# soldering advice ?



## alltech (Apr 20, 2005)

Hello ive just got myself into electric rc racing at the local track.Anyhow i need to know whats the best solder to use and the best watts to use?Ive got a 30 watt now and it doesnt seem to always melt deans solder that good and my contacts are real loose....any help sure would be great....20 years ago in shop class i was the best now im starting back a square one. THANKS~


----------



## mcRacing (Sep 28, 2003)

well i have been using radio shack solder with a 40 watt. and that seems to be fine for motor wires and batt wires but for packs i use any where from a 80 watt to a 100 watt just b/c you dont want it on the cell for more than a few sec. or it could do damage to the cell.
hope that helps with some thing.


----------



## alltech (Apr 20, 2005)

30 watts i take isnt enough?


----------



## mcRacing (Sep 28, 2003)

not realy


----------



## bsracing8 (Dec 14, 2004)

I would go to radio shack ad get your self a good soldering gun!! 

Brandon Snyder


----------



## Fl Flash (May 1, 2003)

40 watts is the minimum I would recommend with a 1/4 chisel tip, very nice ones can be picked up for less than $100 and will last forever.

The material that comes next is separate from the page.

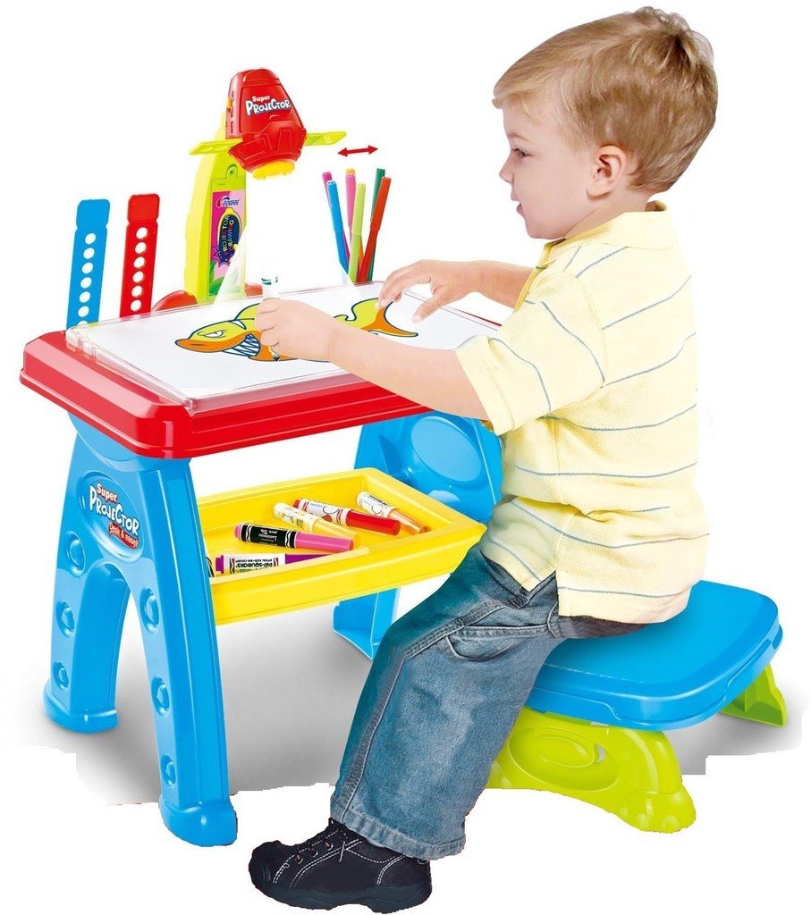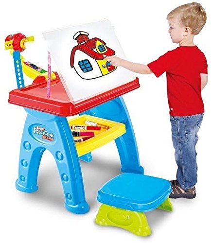 Regálale horas de diversión y entretenimiento sano a tu pequeño y a la vez que se estimula su desarrollo y creatividad. Esta Mesa de dibujo educativa con proyector incluye una silla banquito para que el niño esté más cómodo.
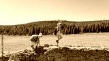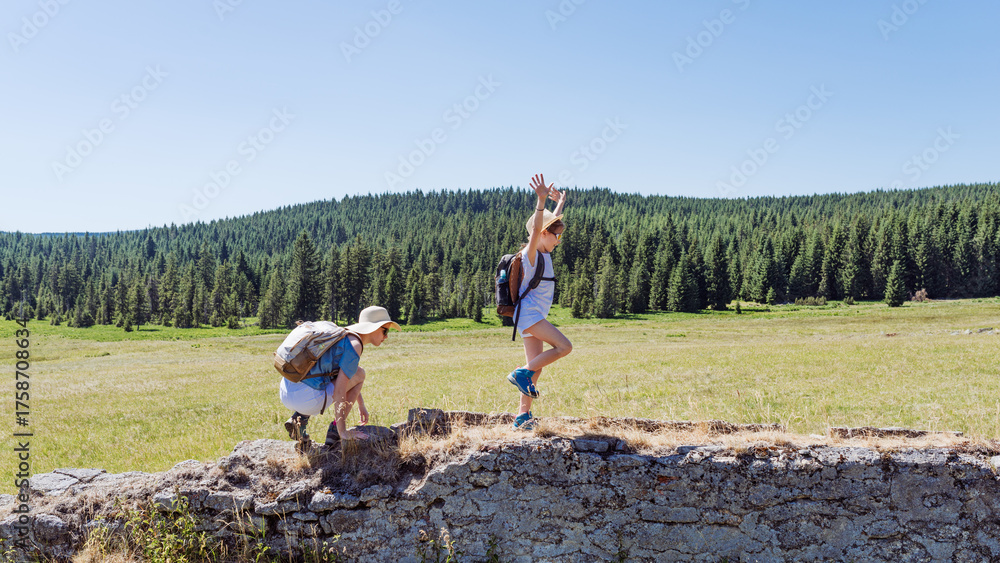 Mother and daughter hikers balancing on an old stone wall in sunny mountain meadow, playful family adventure and outdoor bonding with backpacks, forest landscape and blue sky in background

My biggest recommendation though would be to pick up some inexpensive 60/40 solder and some wire from your local auto parts/Hardware store , sit down and practice soldering the wires together, you,ll learn how to make a nice clean and strong solder joint quickly :thumbsup:


----------



## alltech (Apr 20, 2005)

thank you all for the input i will indeed


----------



## PITBULL (Sep 25, 2001)

check the hobby shopper section here on hobbytalk.there is really good iron and some of the best solder you get ....


----------



## burbs (Apr 21, 2002)

go to a hardware store, and get the orange weller iron.. in a 40 watt madel.. this is the most popular, and it is an awesome iron.. as long as the tip satys good there mint.. ive used them for batteries and everything else... also a good 60/40 electrical solder.. hank has a awesome solder in the hobbyshopper section.. the roll is like 17 bucks, but it will last you forever...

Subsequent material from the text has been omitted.